A mutual fund is a pool of money that is professionally managed for the benefit of all shareholders. As an investor in a mutual fund, you own a portion of the fund, sharing in any increases or decreases in the value of the fund. A mutual fund may focus on stocks, bonds, cash, or a combination of these asset classes.
The beauty of mutual funds
Mutual funds offer a number of advantages, including diversification, professional management, cost efficiency, and liquidity.
- Diversification. A mutual fund spreads your investment dollars around better than you could do by yourself. This diversification tends to lower the risk of losing money. Diversification usually results in lower volatility, because when some investments are doing poorly, others may be doing well.
- Professional management. Many people don't have the time or expertise to make investment decisions. A mutual fund's investment managers, however, are trained to search out the best possible returns, consistent with the fund's strategies and goals. In essence, your mutual fund investment brings you the services of a professional money manager.
- Cost efficiency. Putting your money together with other investors creates collective buying power that may help you achieve more than you could on your own. As a group, mutual fund investors can buy a large variety and number of specific investments. They can also afford to pay for professional money managers and fund operating expenses.
- Liquidity. With most funds, you can easily sell your fund shares for cash.
You can buy shares a few different ways, depending on the rules of the particular fund. Funds are often described as either being "no-load" or "load" funds, depending on whether or not they charge a sales commission.

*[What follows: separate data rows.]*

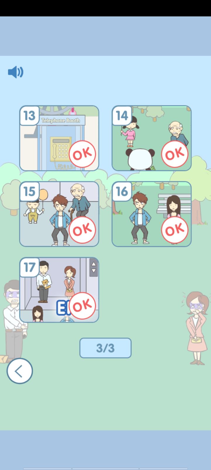 玩法有点单调,电梯那关重复很多次,最后一关让人意想不到,有点暖心呢,游戏挺不错的,就是有点太简单了,很轻松就过去的,希望可以加点难度,关卡也较少,望改进
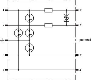 Platzsparendes Überspannungsableiter-Modul zum Schutz von 1 Doppelader eigensicherer Messkreise und Bussysteme, wahlweise direkte oder indirekte Schirmerdung. Isolationsfestigkeit > 500 V Ader-Erde.
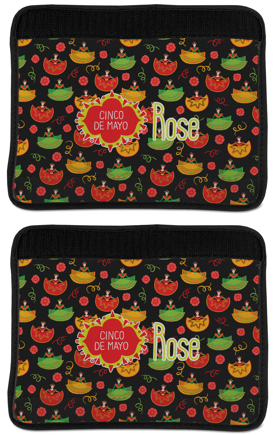 Made from neoprene, our seat belt strap covers wrap around the belt itself and have a Velcro tab for easy attachment and closure. The belt's edges are trimmed with a black polyester for a secure finish. Each cover is 9.5 by 7 inches when open and 9.5 by 2.5 inches when closed. We print your personalized design on the face of the seat belt pad.
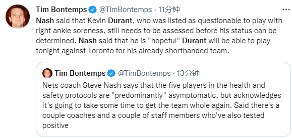 据纳什透露,篮网队不仅多名球员触发防疫协议,还有几名教练组成员和工作人员也中招了;杜兰特右脚踝酸痛也无法休战,他将带伤出战猛龙,这也是纳什希望的,因为篮网太缺人手了。
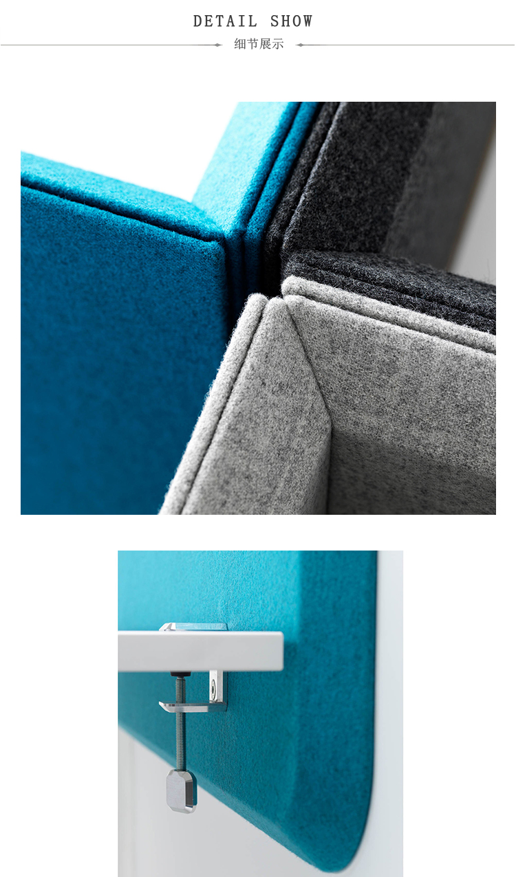 Abstracta的Domo系列具有简约而经典的外观,具有许多智能细节。其独特的斜面边缘营造出独特的动感表现:斜面捕捉光线,在两个屏幕之间创造阴影和清晰的连接。桌面屏幕由安装在实木框架内的吸音填料组成。屏幕两侧均采用布料装饰。屏幕有两种型号,有方角或圆角。桌面配件由抛光铝制成。
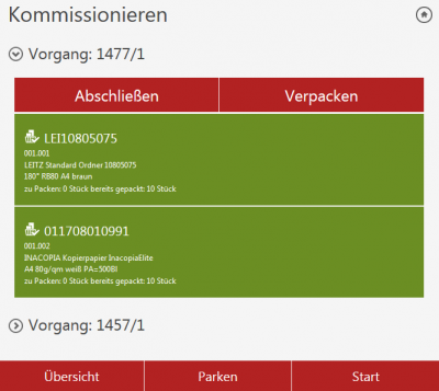 Über die Schaltfläche „Start“ wird der Kommissionier-Vorgang begonnen. Über „Übersicht“ kann in die Packzettelübersicht gewechselt werden, wobei der begonnene Vorgang unter „Aktuell“ angezeigt wird. Soll ein weiterer Vorgang mit bearbeitet werden, so kann aus der Tour der nächste Packzettel ausgewählt werden. Der Hinweistext des Lagerartikels wird angezeigt. Die Schaltfläche „Parken“ dient dazu, um bereits begonnene Vorgänge im jeweiligen Status zu belassen und zu einem späteren Zeitpunkt diese dann fertig zu stellen.
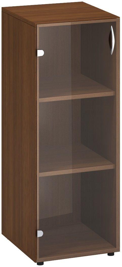 - Policová skříň ALFA 500 úzká, 3M levé dveře sklo, ořech
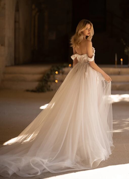 美品!Aラインドレス ウエディングドレス 3D立体レース刺繍 3Dアップリケ パーティードレス 優雅なシルエット ソフトチュール キラキラビジューレース | David1021k Dress(ダヴィドレス)
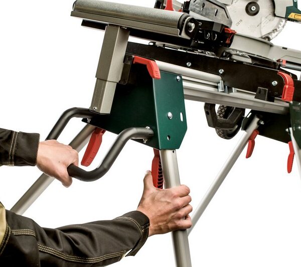 Lekka i wytrzymała podstawa do kapówek z funkcją wózka do zastosowań mobilnych również z zamontowaną pilarką

- No-load funds: Many funds are no-load funds that charge no (or a very low) sales fee or commission. Financial companies typically sell no-load funds directly to investors in places like newspapers and magazines. In this case, you complete all the paperwork yourself.
- Load funds: These funds charge a sales fee or commission for purchases. Some funds charge the fee when you buy shares; others charge when you sell them. Brokerage firms and banks often sell load funds, and will help process any paperwork.
There are reputable, high-performing funds in both categories. Because sales charges reduce your return, you should consider no-load funds whenever possible.
Most funds offer plans that allow you to automatically transfer set amounts on a regular basis from your bank account or paycheck. This is a great way to save money on a routine basis.
With automatic investing, you get the benefits of dollar cost averaging. That is, when you make regular investments in a mutual fund, such as investing $100 every month, you can take advantage of both the ups and downs of the market.